С годами количество книг, подаренных Глин, все росло, как и моя способность раздражать маму. Худшим наказанием в ее арсенале было не пустить меня гулять и отправить в комнату, где мне приходилось коротать солнечные дни за чтением. Когда я была маленькой, меня это раздражало, но скоро перестало быть наказанием, и иногда я нарочно учиняла какую-нибудь шалость прямо с утра, чтобы пойти спокойно дочитывать книгу. В другие дни я лазила по деревьям и забиралась в ручьи, с удовольствием вспоминая, что дома меня ждет «Зов предков» Джека Лондона. Либо всегда можно было перечитать «Кольцо светлой воды» [4], «Обитателей холмов» [5] или любую другую книгу, которая переносила меня в места обитания диких зверей. Я начала мечтать о том, как тоже напишу книгу, и вместо чтения стала пробовать писать рассказы. Я представляла, как беру в руки собственную книгу с пингвинчиком на корешке [6]. А потом нашла то письмо, и мечты вместе с книжками пришлось надолго отложить на полку, потому что наступило время жесткой реальности.

///////

В мамином коттедже я отыскала чистую ночную рубашку и полотенце, сложила их в сумку. Теплые носки: ноги у нее постоянно холодные, как лед, нужно взять носки. Но в ящиках шкафа их не было. Вся одежда нашлась, но ни одного носка; я перерыла все по второму разу и под стопкой аккуратно сложенных носовых платочков увидела его – смятый, надорванный конверт. Он выглядел точно так же, как тогда, в детстве. Мама так и не сказала мне, что это было за письмо, так что я продолжала его разыскивать. Годами. Наконец, я отказалась от поисков, решив, что письмо выкинули, но когда мне было двенадцать, случайно нашла его в корзинке с шитьем. Это было как найти тайное захоронение на археологических раскопках: ты знаешь, что вот-вот заглянешь в иной мир, который всегда был рядом, но скрывался от глаз.
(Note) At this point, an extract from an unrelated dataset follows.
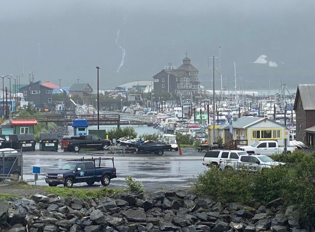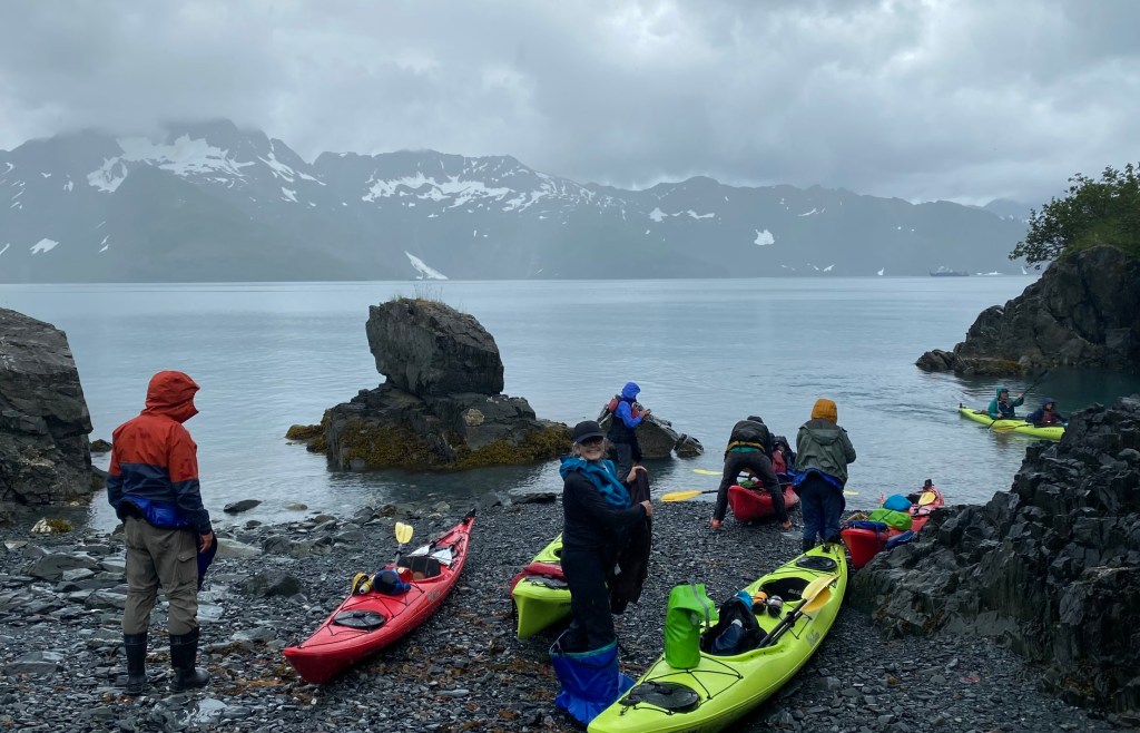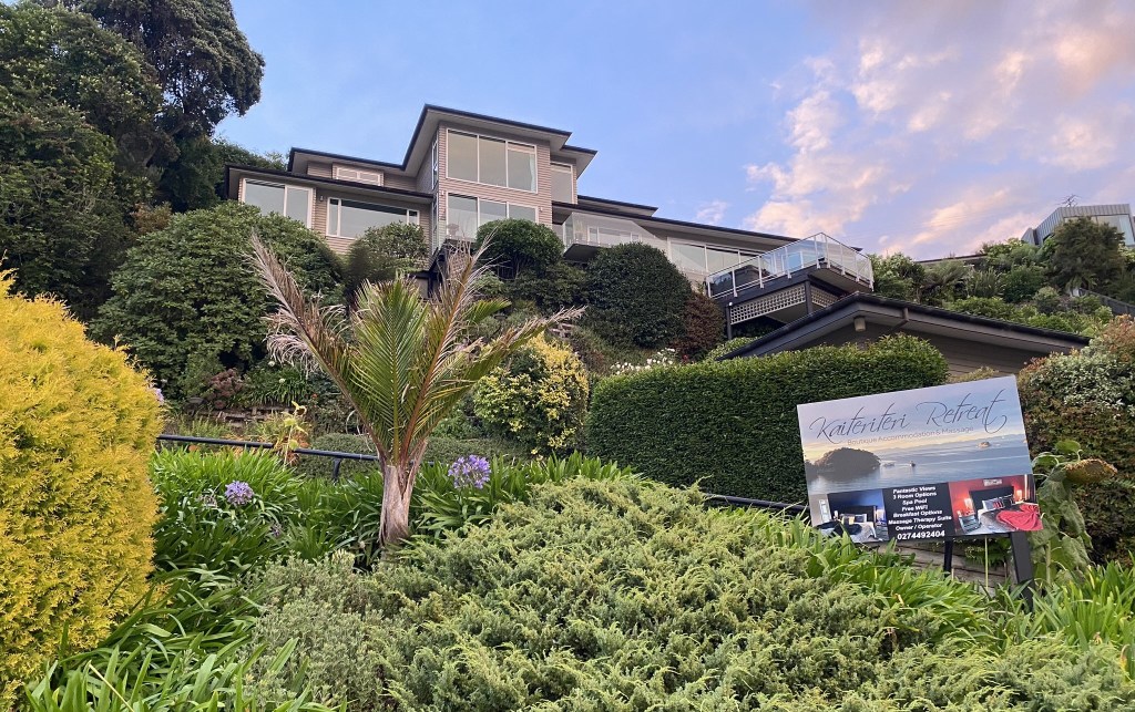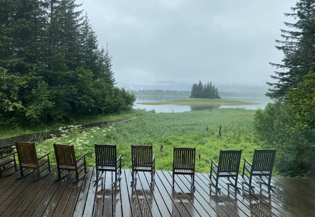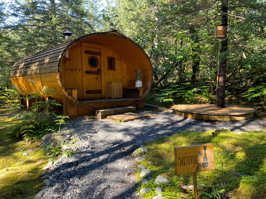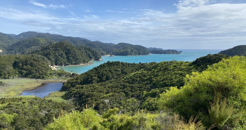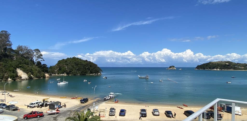 Looking over Snellings Beach from the back deck of our Wander Pod

Надо же, столько лет спустя она все еще хранила это письмо. Мне не нужно было его читать, я давно знала, что там написано, но все равно достала его из конверта. Знакомые слова, всего лишь черные строчки на белой бумаге, но я полжизни размышляла о том, как они повлияли на жизнь моей семьи, окрасив ее новыми красками. Годами я пыталась сложить в голове собственную версию произошедшего и использовать ее как ответ на множество вопросов. Поля, лес, земля, на которой я выросла, – все это нам не принадлежало. Мы были всего лишь арендаторами. Папа хотел знать, как наследуется владение на правах аренды, и в письме как раз содержался ответ на этот вопрос. Аренда не будет передана по наследству; со смертью владельца поместье со всеми фермами и домами будет продано, и аренда закончится. Новый владелец может возобновить ее, а может и не возобновлять. Я не останусь на ферме навсегда – мне придется покинуть ее, искать работу и строить новую жизнь. Узнав об этом, я отложила тетрадки и ручки в сторону; рассказам о диких зверях пришел конец.